Federal Court Decisions

Decision Information

Decision Content

Date: 20030103

Docket: T-1209-02

Neutral citation: 2003 FCT 4

BETWEEN:

                                                        FRANÇOIS ALAIN MOUSSA

                                                                                                                                                     Applicant

                                                                                 and

                                              THE PUBLIC SERVICE COMMISSION

                                   and THE IMMIGRATION AND REFUGEE BOARD

                                                                                                                                            Respondents

                                                            REASONS FOR ORDER

HARGRAVE P.

[1]                  The Applicant, a lay litigant, who now acts for himself, seeks a review of a 28 June 2002 decision by the Public Service Commission dismissing the Applicant's complaint of racial discrimination and harassment.


[2]                  The present motion in writing, on its face, seeks an extension of time for filing a supplementary affidavit, said to be pursuant to section 18.1(2) of the Federal Court Act. Properly a motion for the late filing of an affidavit, or an additional affidavit, as the case may be, falls not under the Federal Court Act, but rather under the Federal Court Rules, being either an extension of the 30-day time requirement, for the filing of affidavits, mandated by Rule 306, or an additional affidavit, under Rule 312.

CONSIDERATION

[3]                  The Respondents characterize the issue, in the introduction to their written argument, as leave to file a supplemental affidavit, but then go on to apply the test for leave to file a late affidavit. The situation is also ambiguous in that the Respondents' affidavits were due 24 November 2002, but have not yet been received by the Court for filing, although the Applicant, in a letter of 11 December 2002 a copy of which was received by the Court, discusses the deferment of cross-examination on affidavits, indicating that the Respondents' affidavits may have been served. Thus the present motion could be either for leave to file an affidavit late or for leave to file a supplemental affidavit in the sense of a reply affidavit. To avoid further paper work and delay I will deal with both possibilities. However, first, I would observe that the Applicant may not change the style of cause as he has done at various places in his 3 December 2002 material: the proper style of cause, unless the Court were to order otherwise, is that set out above.
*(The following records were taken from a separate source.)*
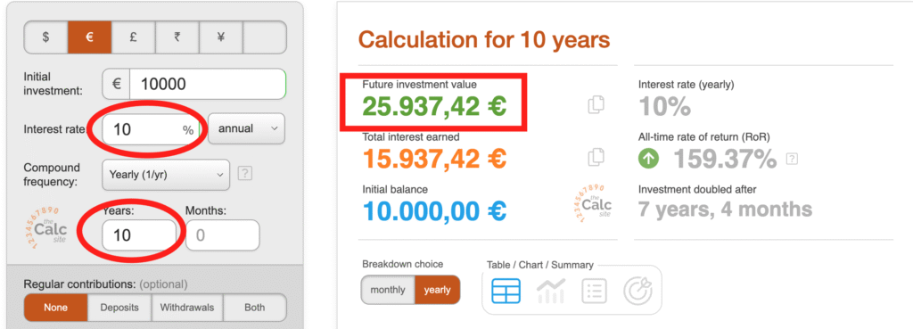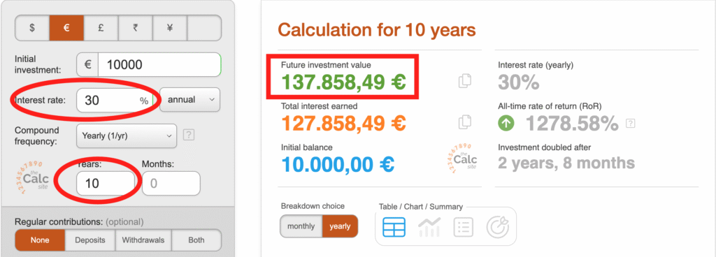 За 10 години на 10% 10 000 стават 26 000. Никак не е зле. Но за 10 години на 30% 10 000 стават 138 000! Никак не е зле, нали? 😉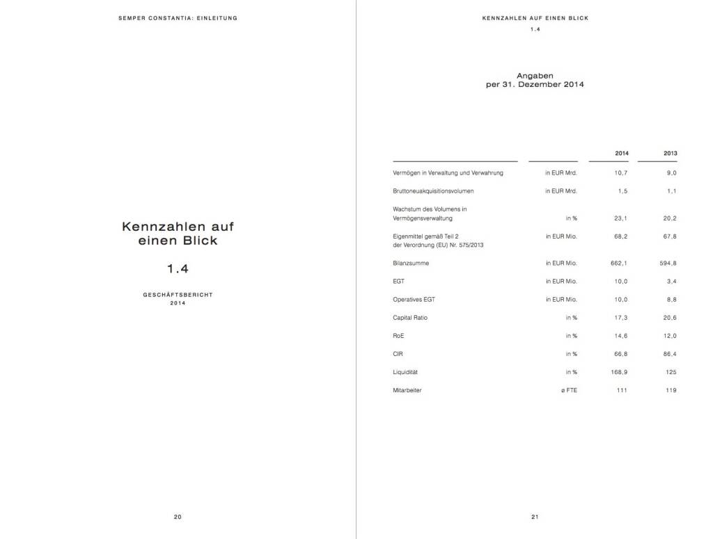 Sample page 4 for "Semper Constantia Geschäftsbericht 2014 - Kennzahlen auf einen Blick"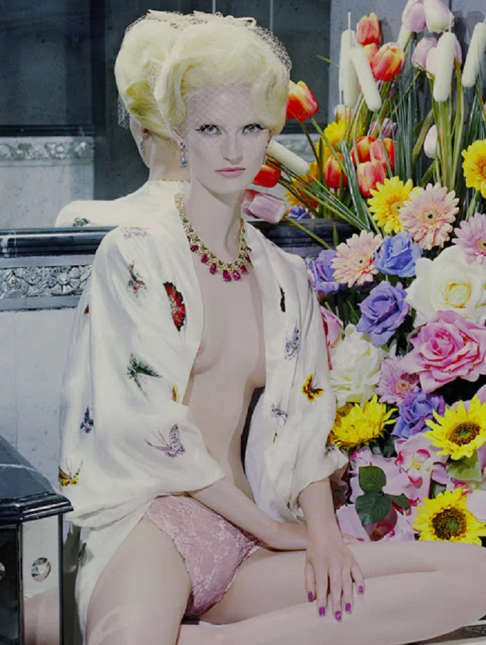 /Model Helena Greyhorse is styled by Alice Gentilucci in a beauty editorial lensed by Miles Aldridge for Vogue Italia July 2016./ Hair by Seb Bascle; makeup by Lloyd Simmonds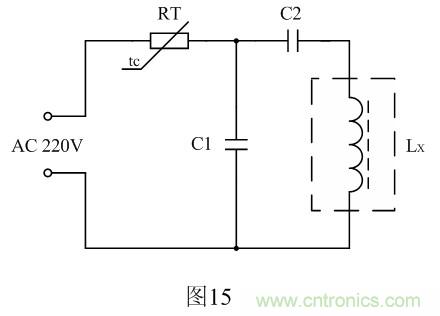 圖15中RT為熱敏電阻,Lx為小功率開關(guān)變壓器初級(jí)線圈,C1為分流電容,C2為限流電容。電容C1和C2的大小,需根據(jù)小功率開關(guān)變壓器初級(jí)線圈勵(lì)磁電流的大小來(lái)決定。一般消磁電流需要達(dá)到極限電流Imax的3~5倍。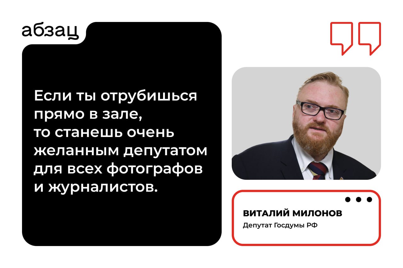 «Чем выше ты сидишь, тем меньше там кислорода, иногда очень клонит в сон. Просто надо это понимать и, если уж ты совсем никак не можешь, всегда можно отпроситься у соседей, отойти, 15 минут вздремнуть у себя в кабинете. Такое действительно происходит, просто надо быть внимательным, понимая, что если ты отрубишься прямо в зале, то станешь очень желанным депутатом для всех фотографов и журналистов», – подчеркнул Милонов.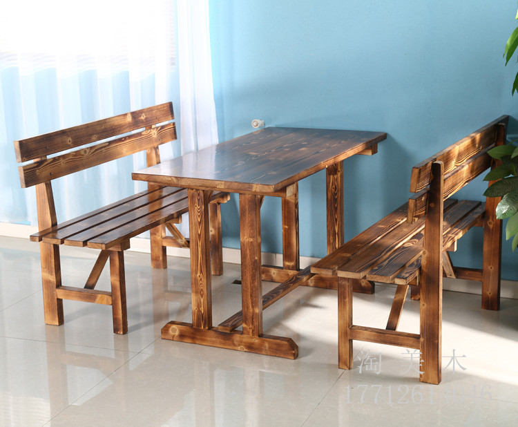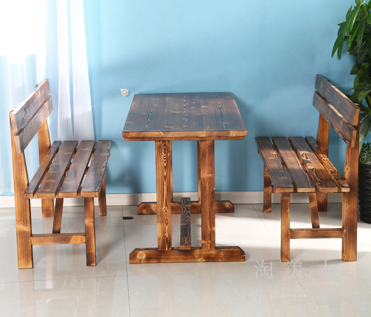 Customized solid wooden table chair rectangular table bench backchair Backchair Backroom Barbeck Restaurant Outdoor courtyard park chair

Evidence Before the Tribunal


[4]                 Before dealing with the request for some form of a time extension I would note that the Applicant fails to clear an initial hurdle. Judicial review is to examine a decision of a tribunal in the light of the evidence which was before the tribunal. Any other evidence is irrelevant in determining whether or not there might be grounds for review and here I would refer to Asafov v. Canada (MCI), an unreported 18 May 1994 decision of Mr Justice Nadon, as he was then, in file IMM-7425-93. The point that a court, sitting on a judicial review matter, may consider only evidence that was before the original decision-maker, is one which was also emphasized by Mr Justice MacKay in Wood v. Canada (AG) (2001), 199 F.T.R. 133 (F.C.T.D.) at 140 - 141. However, none of this was dealt with in the written argument. Thus, I will also deal with the merits of the motion.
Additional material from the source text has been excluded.